In their research paper, Alam et al. designed and optimized a formulation of strychnine-loaded transliposomes (STCN–TLs) for the dermal administration of STCN to treat skin cancer. Their STCN–TL formulation demonstrated a 2.5-fold increase in permeability compared to the STCN solution and might be a suitable nanocarrier for the cutaneous distribution of STCN in the treatment of skin cancer [4]. Focusing on another skin disease, Kharwade et al. constructed tioconazole-loaded novel transferosome carriers (TTFs) for the treatment of atopic dermatitis. They demonstrated that a low dose of F2-TTFsH is a promising tool that effectively targeted the skin for the topical delivery of tioconazole to treat atopic dermatitis symptoms [5].

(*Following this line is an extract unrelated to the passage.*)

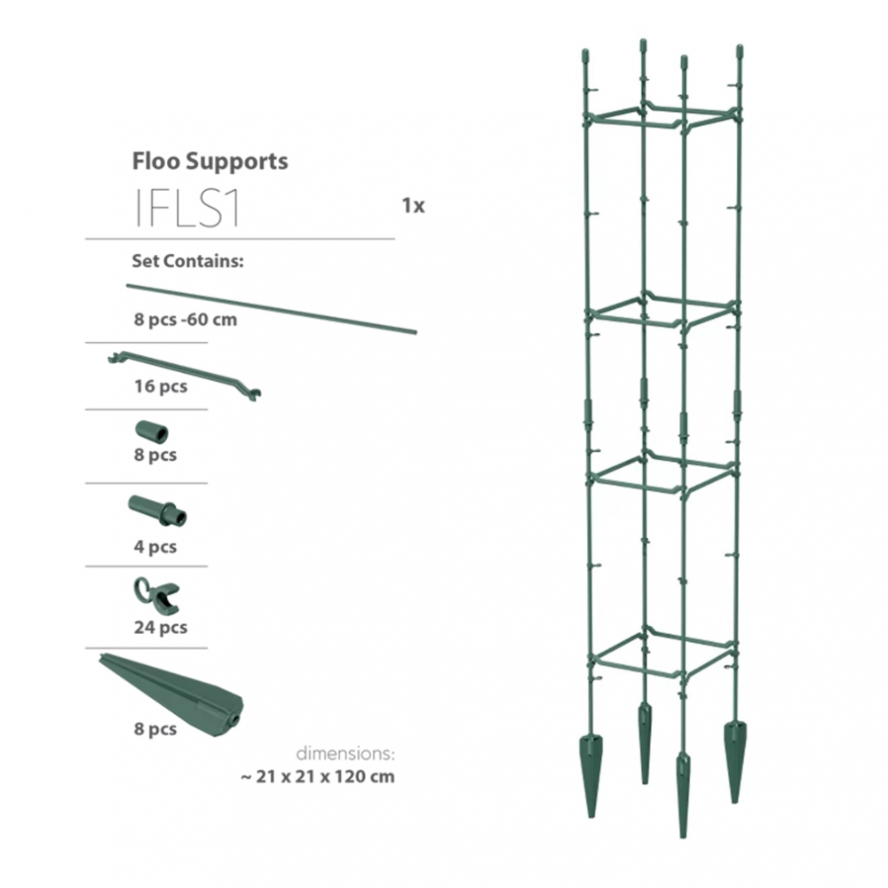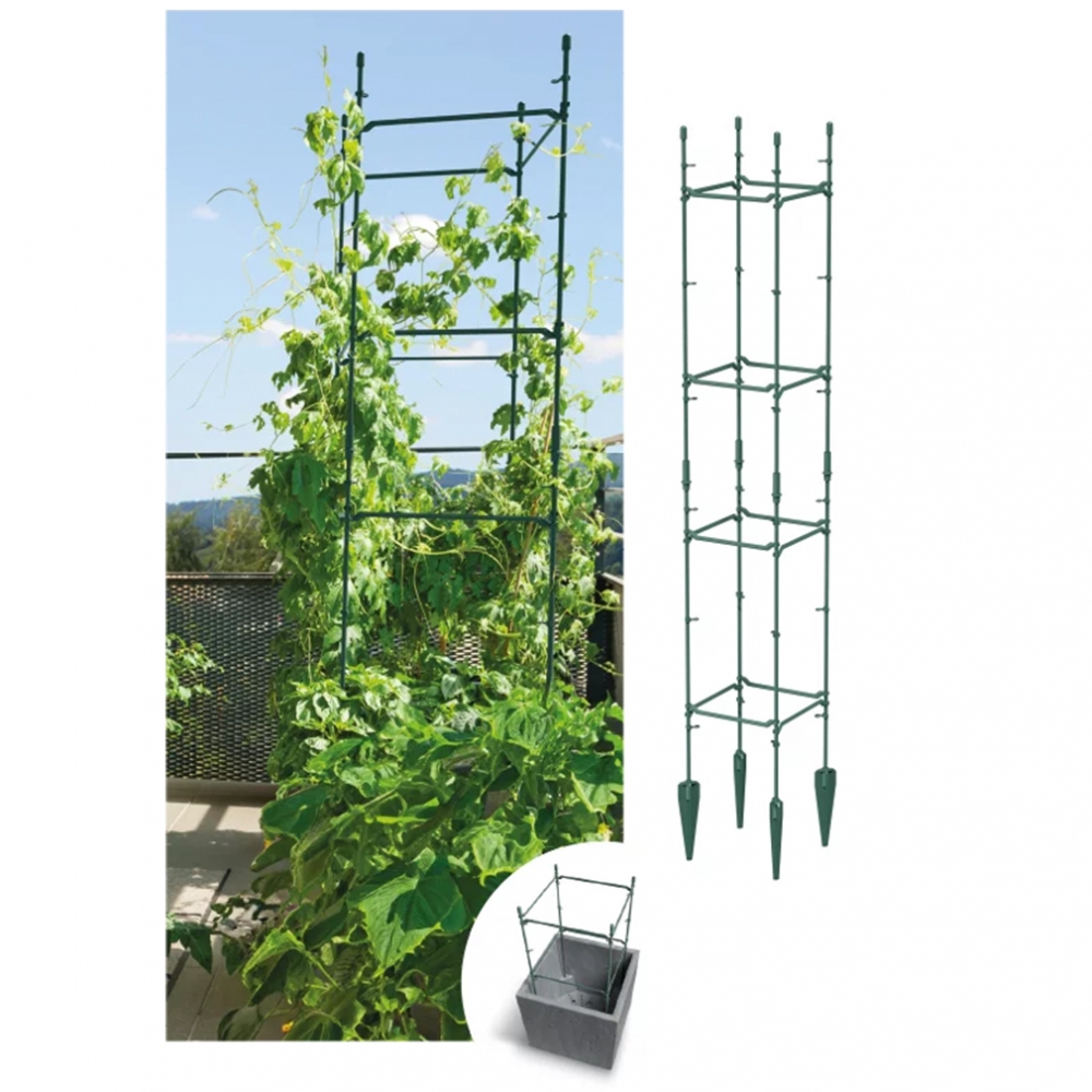 Universalus augalų atramos rinkinys leidžia iš 1 komplekto suformuoti skirtingo dydžio ir formos konstrukcijas pagal jūsų augalų poreikius. Puikiai tinka vijokliniams ir lipantiems augalams – žirniams, pupelėms, agurkams, nasturtėms, klematams, gebenėms ar kitoms dekoratyvinėms ir daržinėms kultūroms.

As one of the most aggressive forms of skin cancer, the treatment of melanoma is hindered due to the limited effectiveness of current therapies and the toxicity of conventional drugs. Trombino et al. created microparticles based on silk fibroin and silk-derived proteins loaded with idebenone to treat melanoma. They found that idebenone-loaded silk protein microparticles could effectively reduce the proliferation of melanoma cells without cytotoxicity. The designability of the hydrogel makes it versatile [6]. Pierfelice et al. combined photodynamic therapy (PDT) with hydrogel to investigate the effects of this treatment on the premalignant oral mucosa cell line. They found that the combination therapy exerted inhibitory effects on the proliferation and migration of DOK cells by inducing ROS and necrosis [7]. Hydrogels are widely used in studies on a variety of diseases, including in antimicrobial research. Alnasser et al. established an isoeugenol-loaded liposomal carrier gel to develop an antimicrobial therapy. The developed isoeugenol-liposomal gel was safe, with 75.95 ± 3.79% drug release after 24 h. The minimum inhibitory concentration (MIC) was 8.236 µg/mL. They predicted that adding isoeugenol to the liposomal gel could provide a potential means of methicillin-resistant Staphylococcus aureus treatment [8].

A detailed study was also conducted of the composition and properties of the hydrogel preparation. Matos et al. investigated the topical formulations of Acanthus mollis L. leaf and the optimization of their release of active compounds and their topical bioavailability. The results showed that bioactive compound DIBOA exhibited the release kinetics of the Weibull model for the Carbopol and Pluronic F-127 formulation, suggesting that it can be used in inflammation treatment and tyrosinase inhibition [9]. Penev et al. investigated the possibility of reformulating ClearView products in order to minimize the dose rate effect by optimizing the tetrazolium salt and gellan gum concentrations. The results showed excellent geometric and dosimetric registration, with a gamma passing rate (at 10% minimum dose threshold) of 99.3% for dose differences and a distance from the agreement criteria of 3%/2 mm. The new formulation may allow for quality assurance in complex treatment plans, which is important to their practical clinical application [10].

3. Conclusions

We look forward to providing readers with insights into hydrogel-based cancer therapy in this Special Issue. There is no doubt that the development of this emerging field has attracted contributions from different disciplines, such as biology, chemistry, physics, and materials. We also hope that readers will find the various topics presented here interesting and inspired, and that the studies will lead to the promotion of a wide range of commercial applications for hydrogels in a variety of different fields.

Given the rapid development of the field, as guest editors, we realize that presenting all these topics in one issue is limited. However, the interdisciplinary and high-quality nature of these articles leads us to believe that we can provide readers with an up-to-date and broad panorama of the use of these gels in the field of cancer therapy.